◆ **EXERCISE DETAILS**: With the pictures omitted, output word for word the lines from the one containing "4296 | 16 €" through the end of the records.

[Stored records]

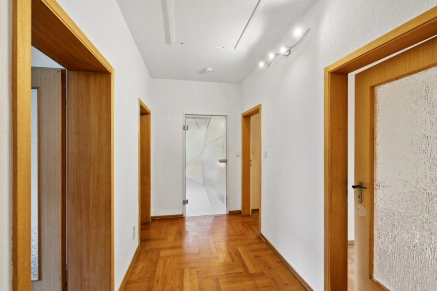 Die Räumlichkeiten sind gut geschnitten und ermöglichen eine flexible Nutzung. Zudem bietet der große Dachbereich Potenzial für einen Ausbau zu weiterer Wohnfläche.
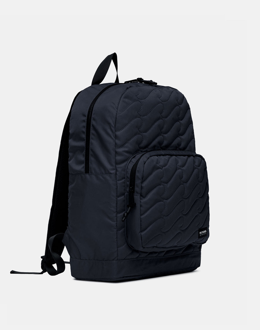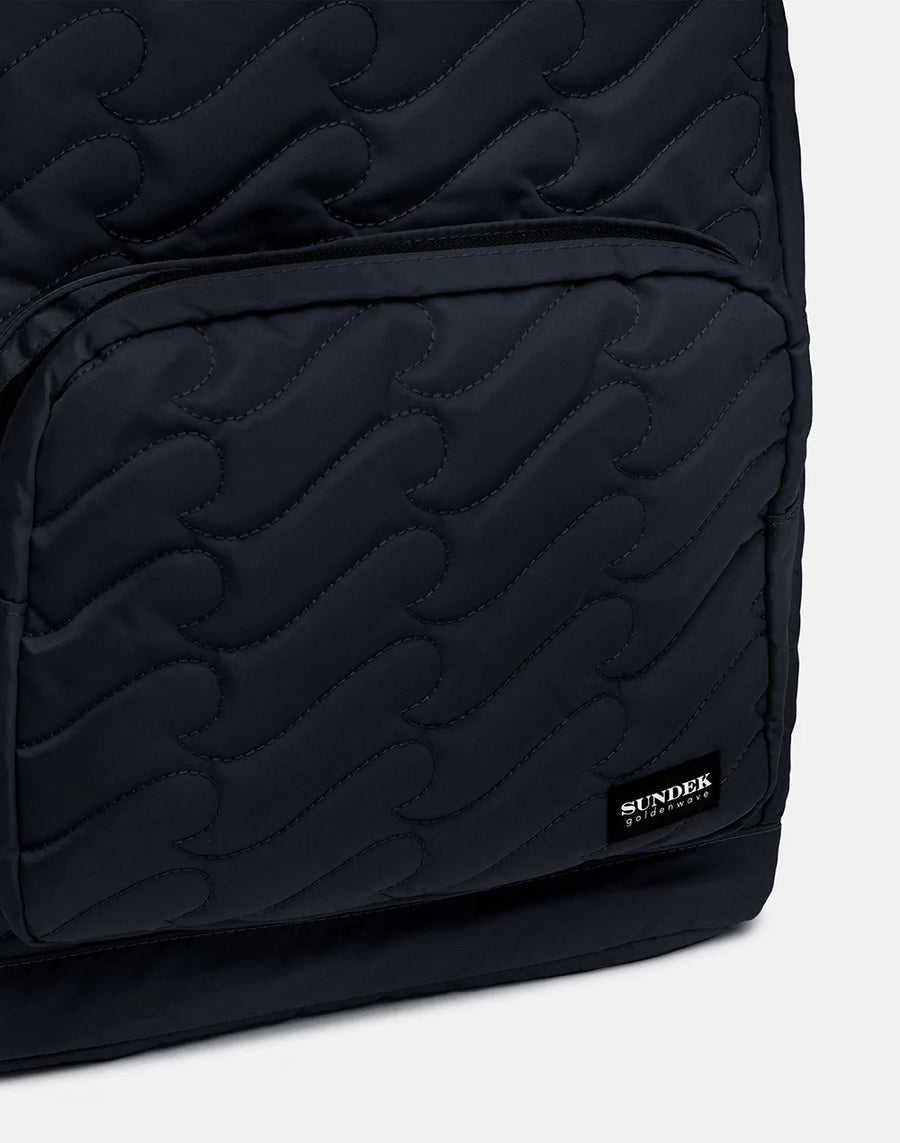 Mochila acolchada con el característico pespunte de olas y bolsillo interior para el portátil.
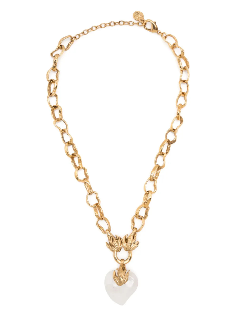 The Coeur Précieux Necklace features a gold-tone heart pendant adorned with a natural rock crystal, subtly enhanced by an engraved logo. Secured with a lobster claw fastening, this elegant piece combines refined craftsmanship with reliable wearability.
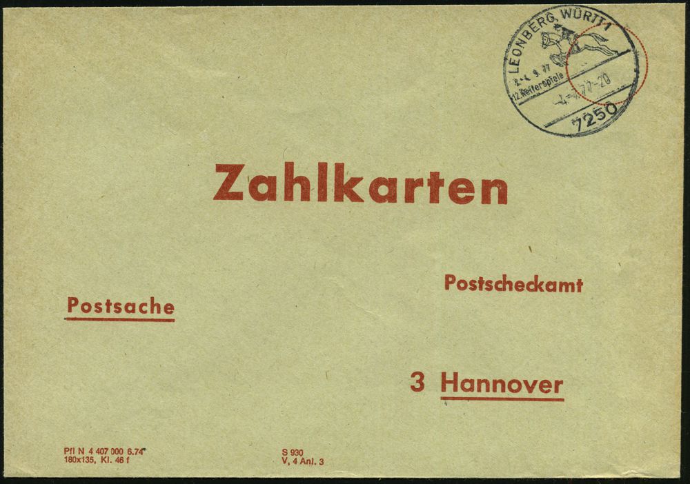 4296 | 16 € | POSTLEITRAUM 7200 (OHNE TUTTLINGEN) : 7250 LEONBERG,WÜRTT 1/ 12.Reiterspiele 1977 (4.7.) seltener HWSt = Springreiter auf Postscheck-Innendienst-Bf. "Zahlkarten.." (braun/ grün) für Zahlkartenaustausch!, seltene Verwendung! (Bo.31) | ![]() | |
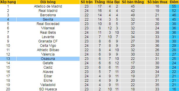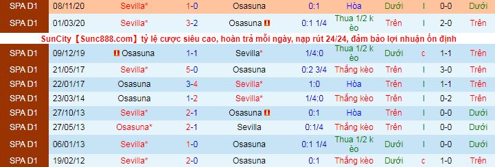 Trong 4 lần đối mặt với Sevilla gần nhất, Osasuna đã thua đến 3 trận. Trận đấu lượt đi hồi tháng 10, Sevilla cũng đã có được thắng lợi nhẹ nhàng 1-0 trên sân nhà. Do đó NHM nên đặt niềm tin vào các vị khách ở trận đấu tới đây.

◆ **ANSWER TO THIS EXERCISE**:
 4296 | 16 € | POSTLEITRAUM 7200 (OHNE TUTTLINGEN) : 7250 LEONBERG,WÜRTT 1/ 12.Reiterspiele 1977 (4.7.) seltener HWSt = Springreiter auf Postscheck-Innendienst-Bf. "Zahlkarten.." (braun/ grün) für Zahlkartenaustausch!, seltene Verwendung! (Bo.31) | ![]() | |
 Trong 4 lần đối mặt với Sevilla gần nhất, Osasuna đã thua đến 3 trận. Trận đấu lượt đi hồi tháng 10, Sevilla cũng đã có được thắng lợi nhẹ nhàng 1-0 trên sân nhà. Do đó NHM nên đặt niềm tin vào các vị khách ở trận đấu tới đây.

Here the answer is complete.